Let's say a visitor from IP 123.34.243.57 visits the site and votes. Would it then be safe to disallow anyone from 123.34.243.* from voting? Is this a good strategy?

What's another one?

Answer 1

This is a fundamental challenge with all voting sites on the Internet, and you're just breaking the surface of the problem.

The way you've phrased it, you "only want to allow each visit one [vote]" indicates that you want to allow them to vote once each time they open their browser and go to the site. I don't think this is really what you seek.

I suspect what you want is that a given individual Person can vote only once ever (per survey, maybe).

The problem is, once you've framed the question properly, the problem becomes much more clear. You're not trying to identify an Internet node (IP address), visit (session cookie), browser instance (persistent cookie), or computer (difficult also to identify).

You can use techniques with Cookies, and they were suitably for a typical user. Subverting this technique is as easy as - Clearing your cookies in the browser, - Disallowing cookies in the browser, - Opening another browser, - Walking to another computer, - Using an anonimizer, - ... endless other ways.

You can do validation by e-mail address, but you indicated you don't want to do registration, so I don't believe that solves you problem either.

If you really need to identify a unique user for a voting system, you'll need to have some authority who's willing to vouch for the identity of any given user, or only allow the software to be accessed from a trusted platform.

The first technique requires registration (and often a costly and time-consuming registration at that), that verifies the actual legal name and location of the individual. Then, using Public Key Infrastructure (aka Digital Certificates), you can identify an individual person based on the credentials he supplies.

The second technique, requiring a trusted platform, relies on the hardware following certain pre-determined behavior. You could, for example, create a voting site that works through the XBox 360 or iPhone. You would create an app that is installed to one of those devices. Based on the way the platform is protected, you could use uniqueness characteristics, such as the hardware address or Live ID on the XBox 360 or the hardware address or telephone number on the iPhone, to get general assurance that the user is the same one who has visited before. Because you have control over the application and the user specifically does not, due to the nature of the trusted platform, you have reasonable assurance that most users will not be able to subvert the intent of the application.

I suspect this is a long-winded way of saying you can do it, but it's a far from easy problem to solve.

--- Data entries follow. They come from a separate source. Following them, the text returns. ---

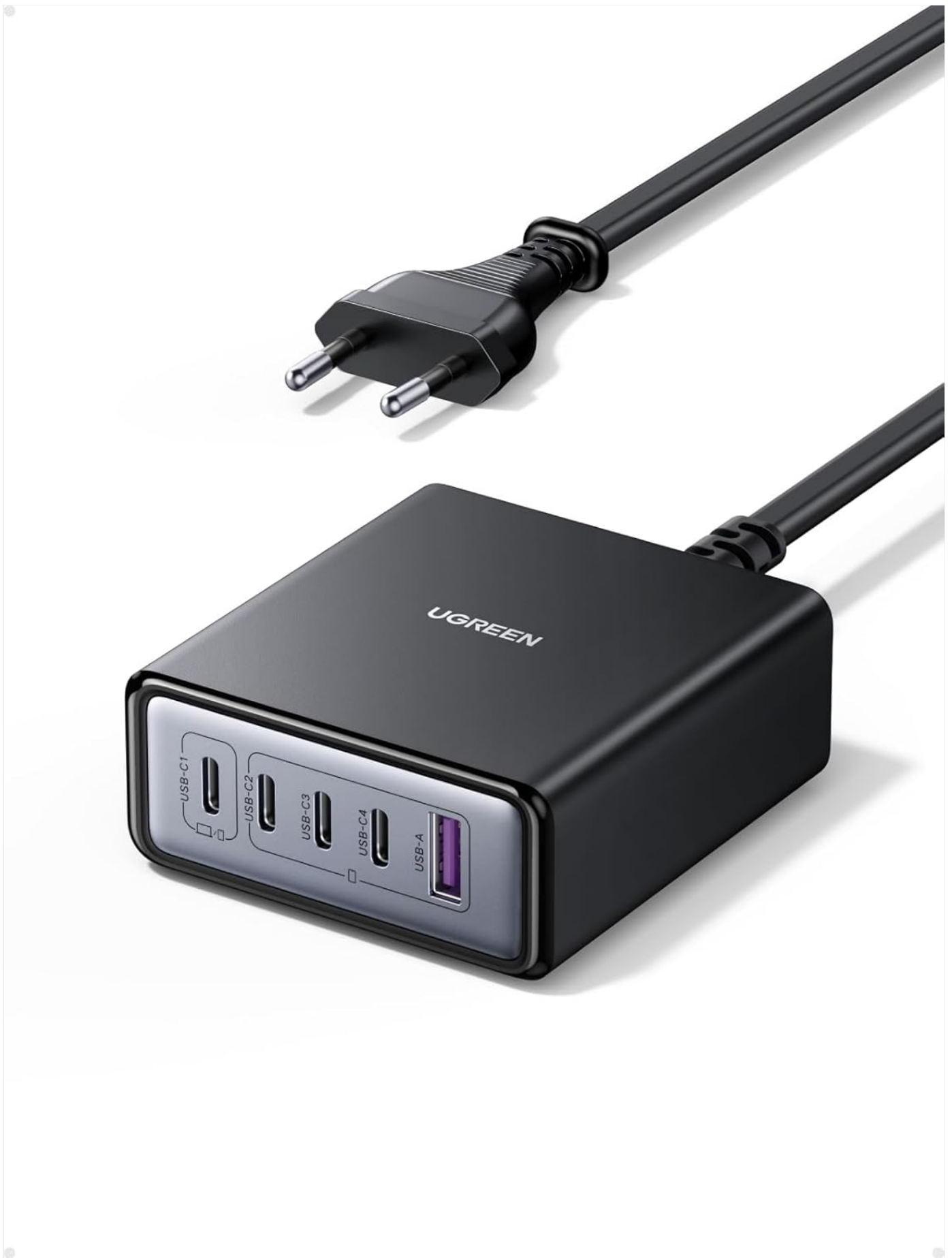
Image: The UGREEN Zapix 65W charger connected to its power cable with a European plug.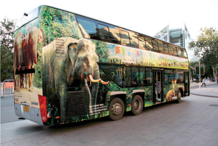
Top: Winners of holiday packages to Sri Lanka collect their prizes at The Place mall in Beijing. The competition was part of a shopping mall campaign by the Sri Lanka Tourism Promotion Bureau and Chinese partners. Above: Campaigns to boost Sri Lanka tourism in China last year included the branding of buses in major cities.

With its golden beaches, towering mountains, ancient monuments and stunning wildlife all enclosed in a compact island, Sri Lanka is pretty much the perfect holiday destination. But 30 years of conflict between the government and Tamil separatists put many tourists off.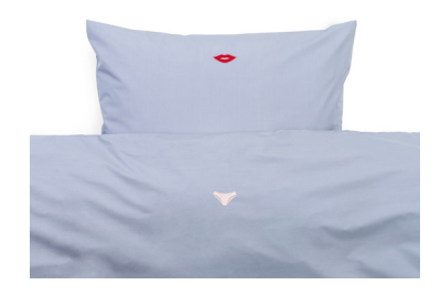
BED LINEN SASSY CHIC Duvet L 200 \times D 200 cm / L 220 \times D 200 cm 2 Pillows L 60 \times D 63 cm Available only in Lilac color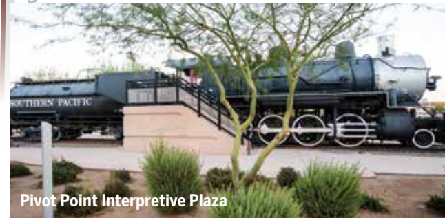
Pivot Point Interpretive Plaza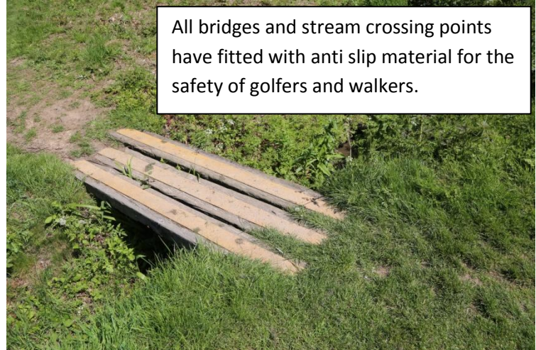
All bridges and stream crossing points have fitted with anti slip material for the safety of golfers and walkers.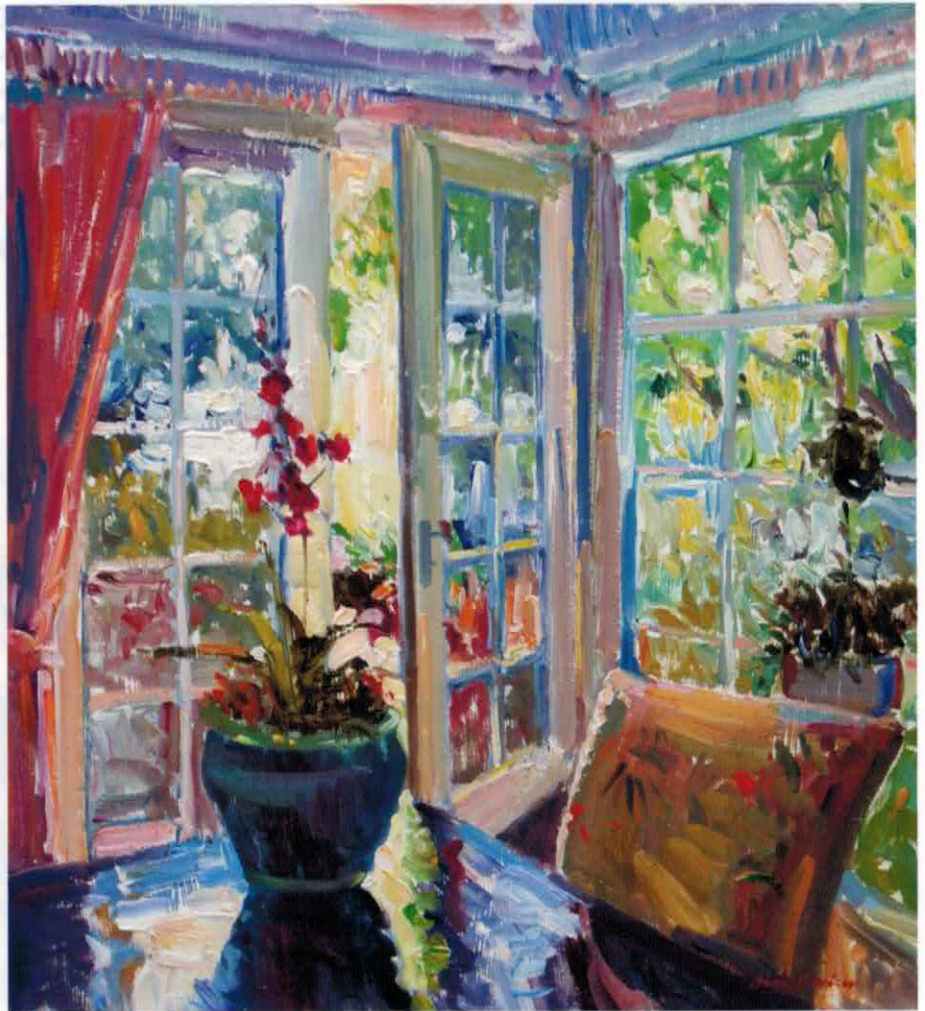
"Breeze," oil, 22" x 20"

Daniel Bayless' paintings are shown at Alexandra Stevens Gallery of Fine Art, 820 Canyon Road, across from the public parking lot. Open daily. (505) 988-1311. www.alexandrastevens.com .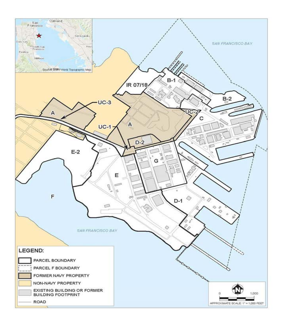
Figure 1. Hunters Point Naval Shipyard Parcel Map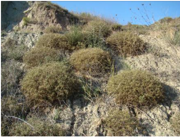
Figure 29. Sarcopoterium spinosum (L.) SPACH.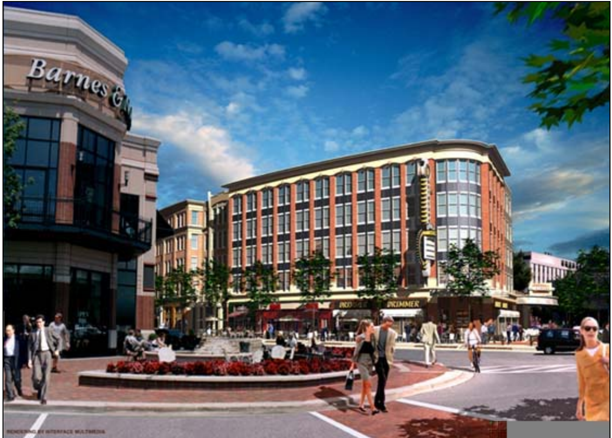
Figure 3 Bethesda Row Station Area Project, Bethesda, Maryland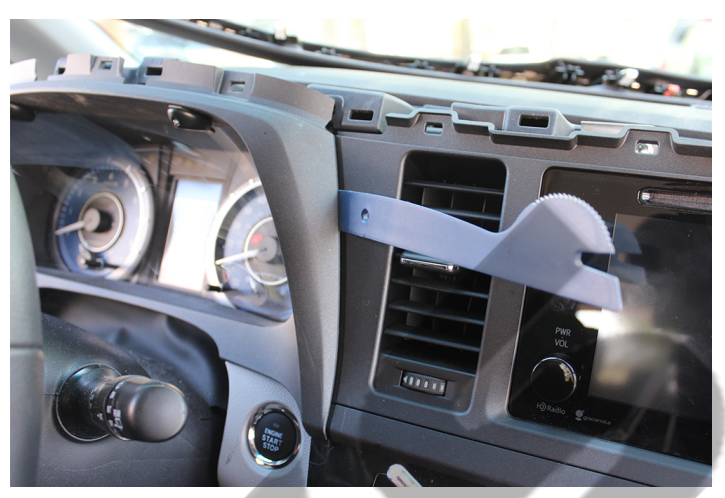
Pry out cluster trim bezel.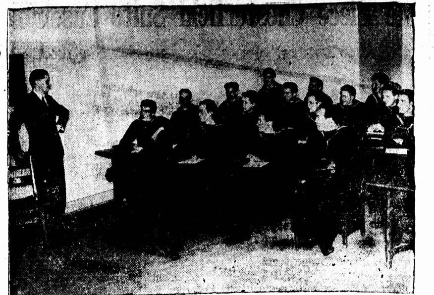
In aiming at an efficiency not far short of that obtained by permanent force men, the Reserves take their studies seriously. However, there is always room for some spontaneous humor.

Already well beyond any previous peacetime strength, and with an intensive recruiting campaign bringing in more men daily, members of the Royal Canadian Navy (Reserve) are fully utilizing the splendid training facilities of the 20 naval divisions reaching across the Dominion. Here are shown typical scenes in one of the establishments.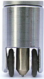
Rolling test head „318 S“ with test tip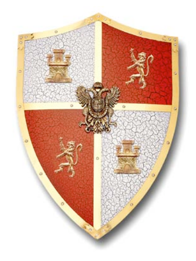
Replica of Medieval Shield

Though shields are primarily designed for physical protection, many are decorated with emblems or symbols for spiritual protection or to represent one's self or family.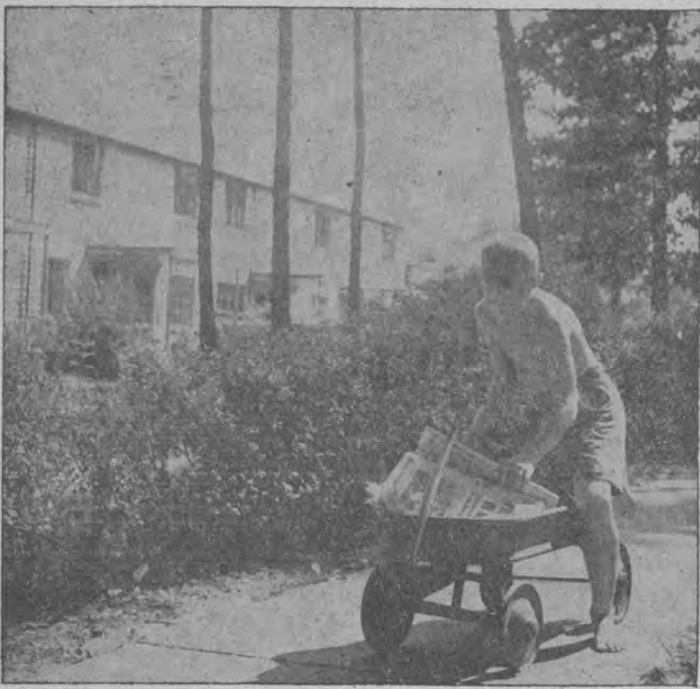
Greenbelt keeps busy in the summertime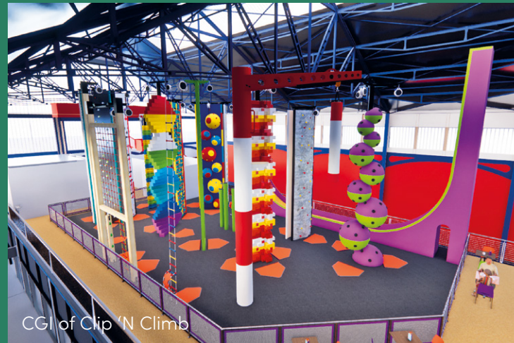
CGI of Clip 'N Climb

The entire multi-million-pound Dockside complex spans 2 key buildings and boasts an array of shops, leisure, medical and office uses. Key leisure anchors include a 9-screen Odeon cinema, Ninja Warrior, Wagamama, Zizzi and McDonalds whilst the anchor retail occupiers include M&S, The Range, Holland & Barrett, Moss and ProCook. The successful office and medical hub is located on the upper floor.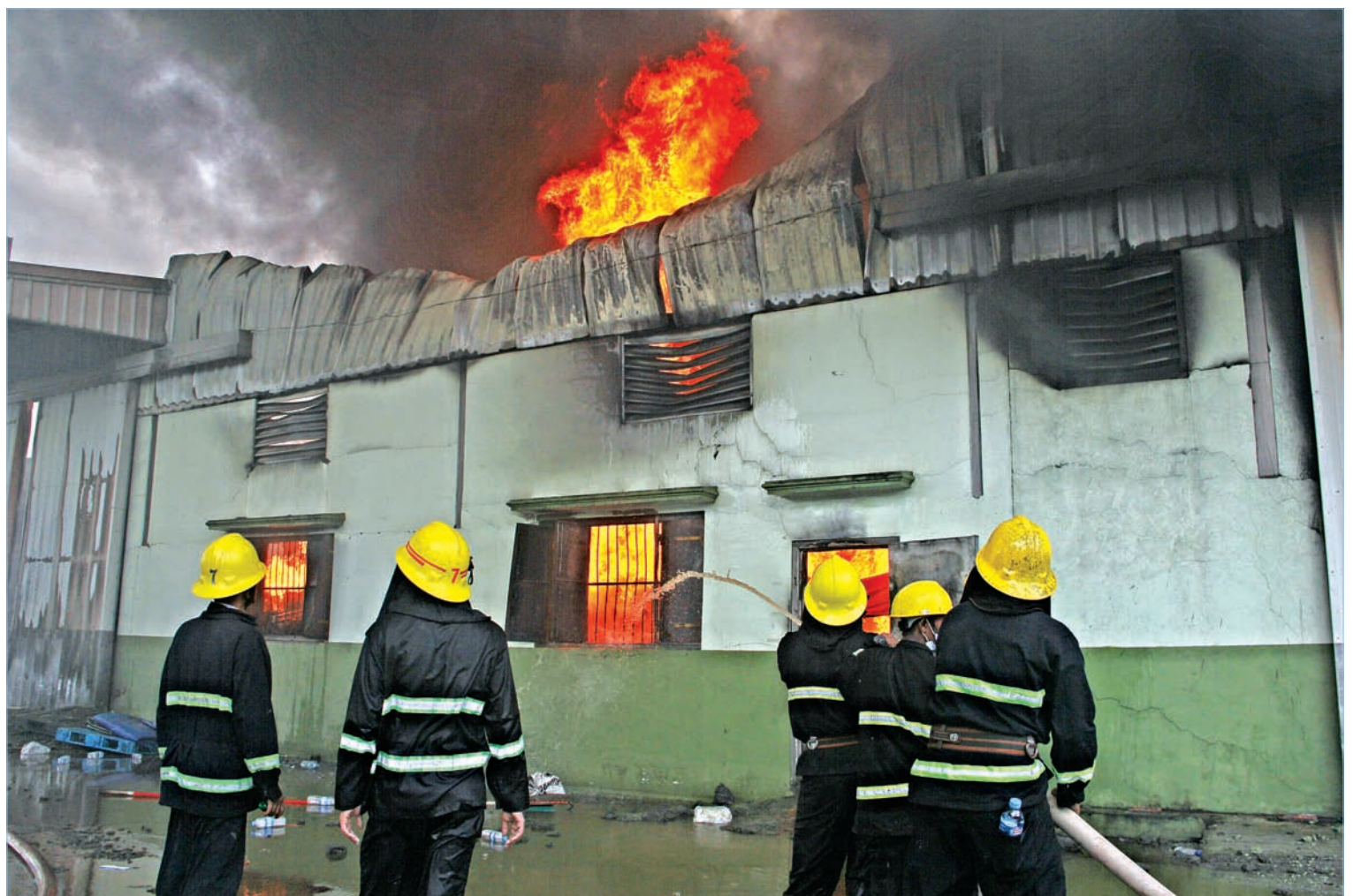
Fire-fighters battle the flames engulfing a warehouse storing plastic pellets used to make Coca-Cola bottles in Myanmar.

"The fire fighters also used cranes and towers, finally getting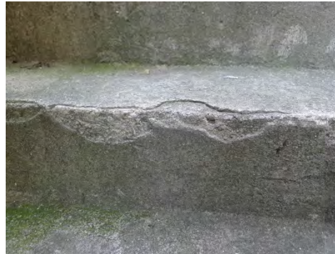
CV 08 – Spalling on steps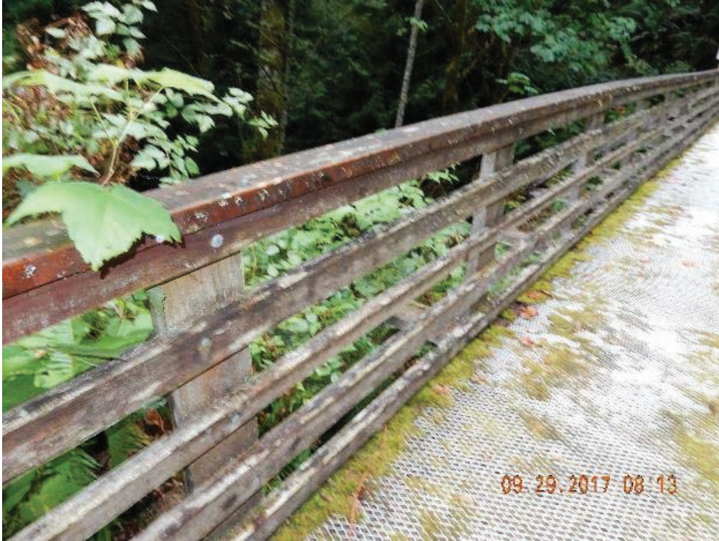
P03 - West railing (DSCN9847.jpg)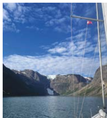
Jøkelfjord at midnight in early July Will Eaton

Good holding off Vika at 70°04'·3N 21°59'·2E; 8-10m. Local moorings and steep shelving make access to the anchorage marked 'J' tricky for more than one yacht. 'Ecopod' style hotel on the beach at Jøkelfjordeidet (position given in the book).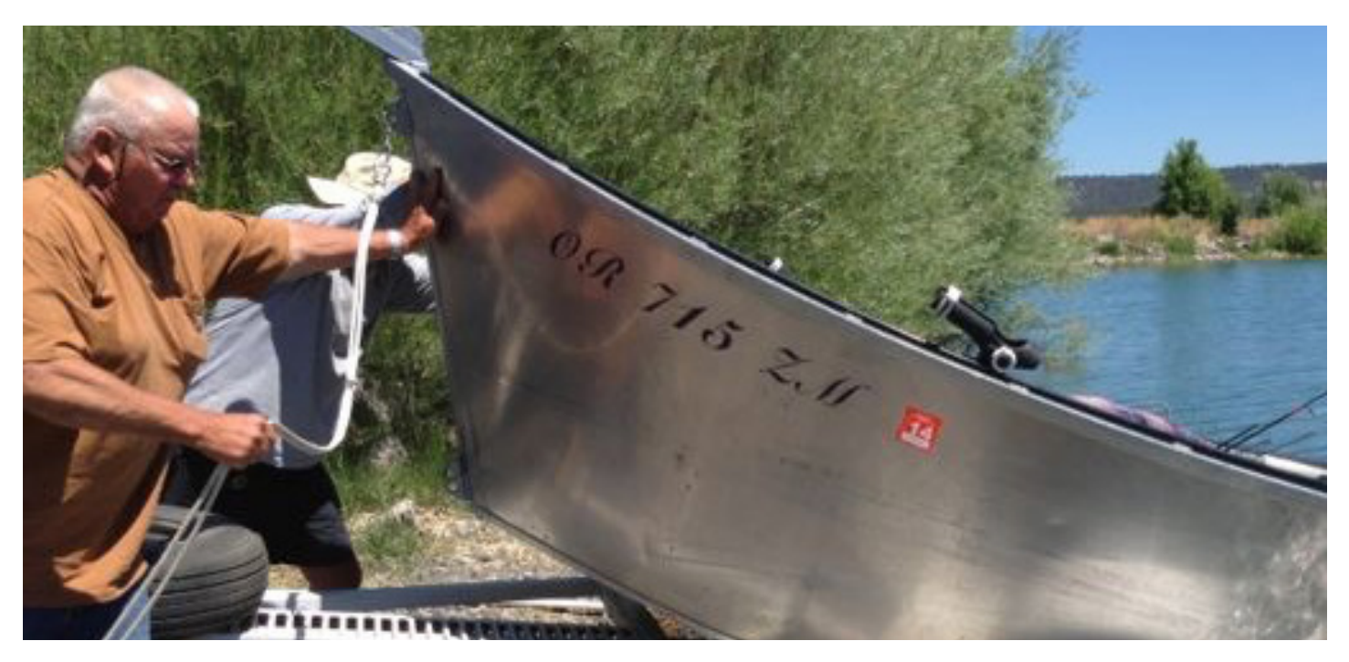
Bob Gregory at Pronghorn Lake Ranch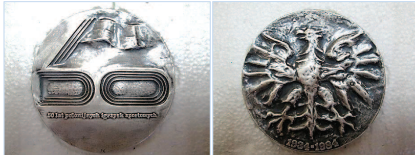
Photo 15, 16. Commemorative medallion (obverse and reverse) of the 5 th Polonia Sports Games in the Jubilee Year: the 50 th anniversary of the Polonia Sports Games and the 40 th anniversary of the Polish People's Republic (Warsaw 1984)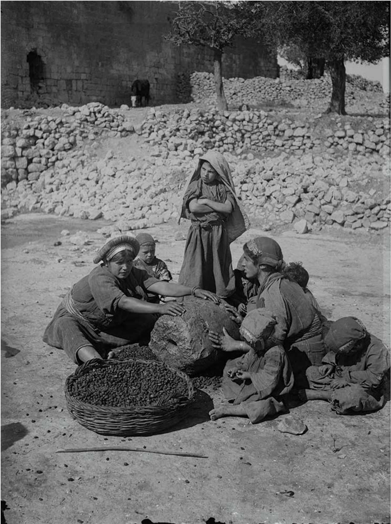
Women pressing olives, circa 1900–1920, accompanied by their children. Weaning in summer was avoided; spring was preferred when animal milk supply

Consider political elections and how much resources and energy goes into making those fair and anonymous, and still it's a very challenging problem.

Answer 2

Using the public IP for this would probably be a bad idea. Unique visitors from the same corporate LAN would all look like one user if you use this approach.

Perhaps cookies? I believe that is what most sites use.

Combine with some sort of monitoring, automatic or manually (for instance log file analysis). Be suspicious of traffic patterns that indicate a script.